All of your materials are very interesting.
It has a wide coverage and is too extensive for proof of my specific problem.
I will read them when I have time in the future.
After posting the question, I advanced a little.
Instead of proving directly that the limit value of any convergence sequence in the subsets E is contained in E, I have switched to prove that closure of some sub set of E coincides with E.
In this proof, I use the Lemma cited by the author, so I think I am getting closer to the correct answer.
Best regards
Mashiro Fujimoto
The Lemma proposed by the author guarantees that A is a subset of E. It is more a suggestion to use, to prove iii).
Dear Jorge
Thank you for your reply.
Prove (iii) does not need the Lemma.
For any $f \in L_0^ + ,\;s.t.\;f \le h,\;h \in E$, $f$ satisfies the condition of the definition of $E$.
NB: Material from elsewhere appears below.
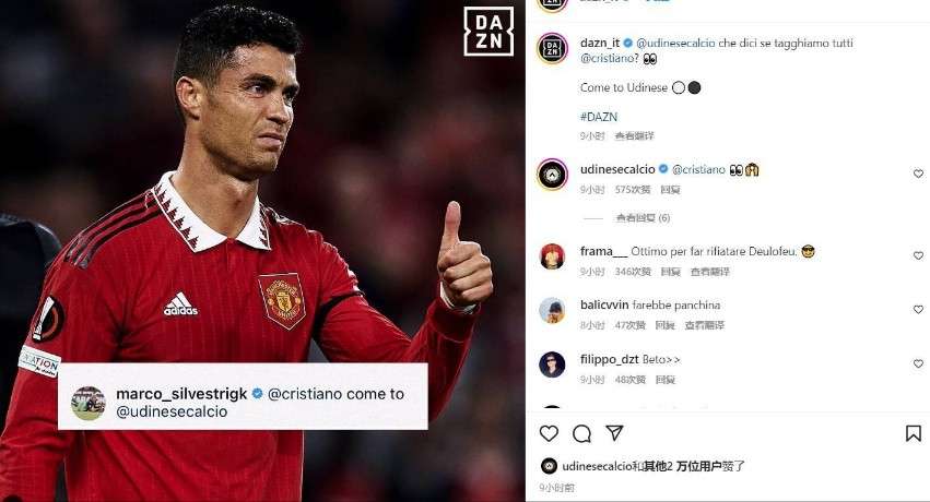 罗总桃李满天下!乌迪内斯门将社媒邀请C罗加盟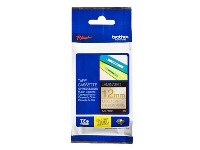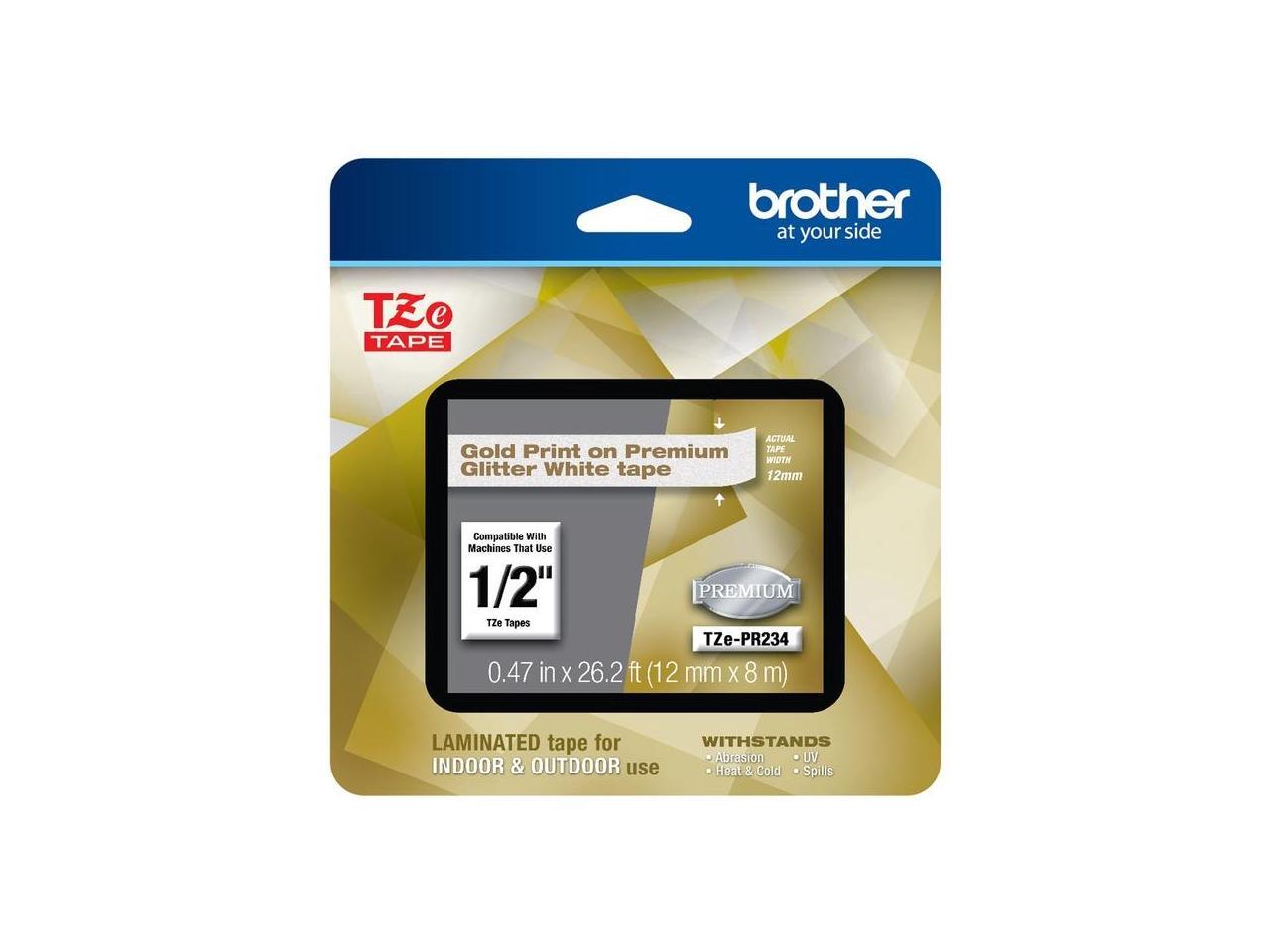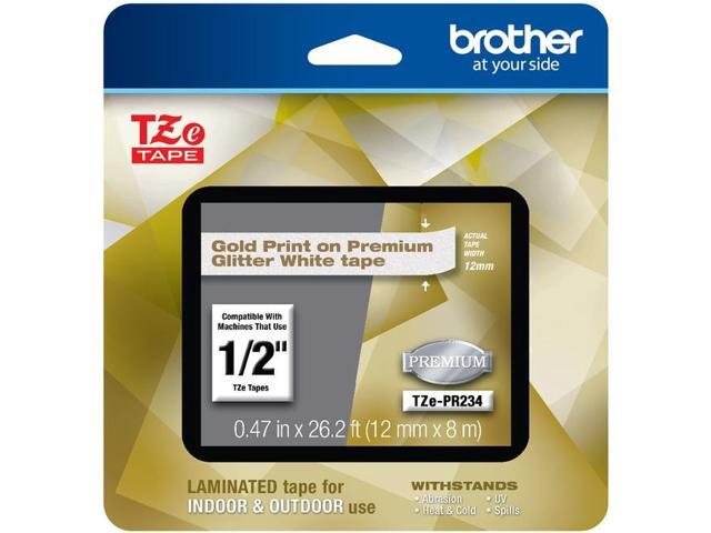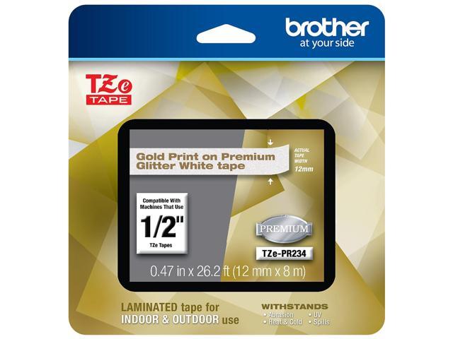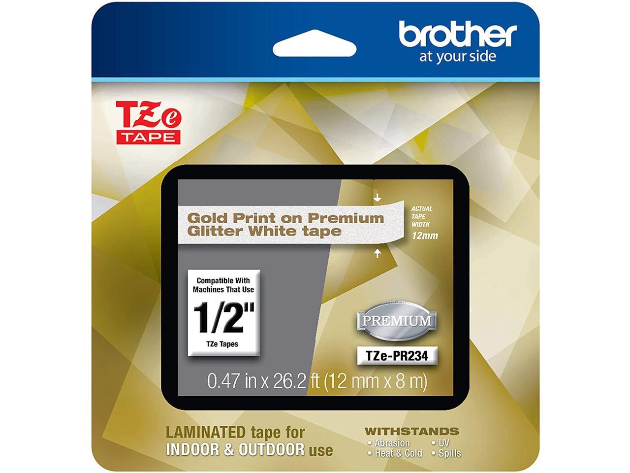 Brother TZePR234 Gold Print on Premium Glitter White Laminated Tape for P-touch Label Maker, 12 mm (0.47") Wide x 8 m (26.20 ft.) Long

$A \subset E$ is obvious because if $h \in E$, $h$ satisfies the condition of the definition of $E$ as ${h_n} = h$.
Best regards.
Mashiro Fujimoto
It is clear, that your question concerns a theorem in a paper by Walter Schachermayer, a professor in probability and quantitative finance in Vienna. My suggestion would be to ask professor Schachermayer for advise. By the way, in always pays to visit Schachermayer's homepage . Kind regards, J.W.N.
The Lemma is another formulation of that of Komlos, which can be used to prove the Doob-Meyer decomposition of a submartingale. This is a result that generalize the Bolzano-Wierstrass result for bounded sequences in R^n.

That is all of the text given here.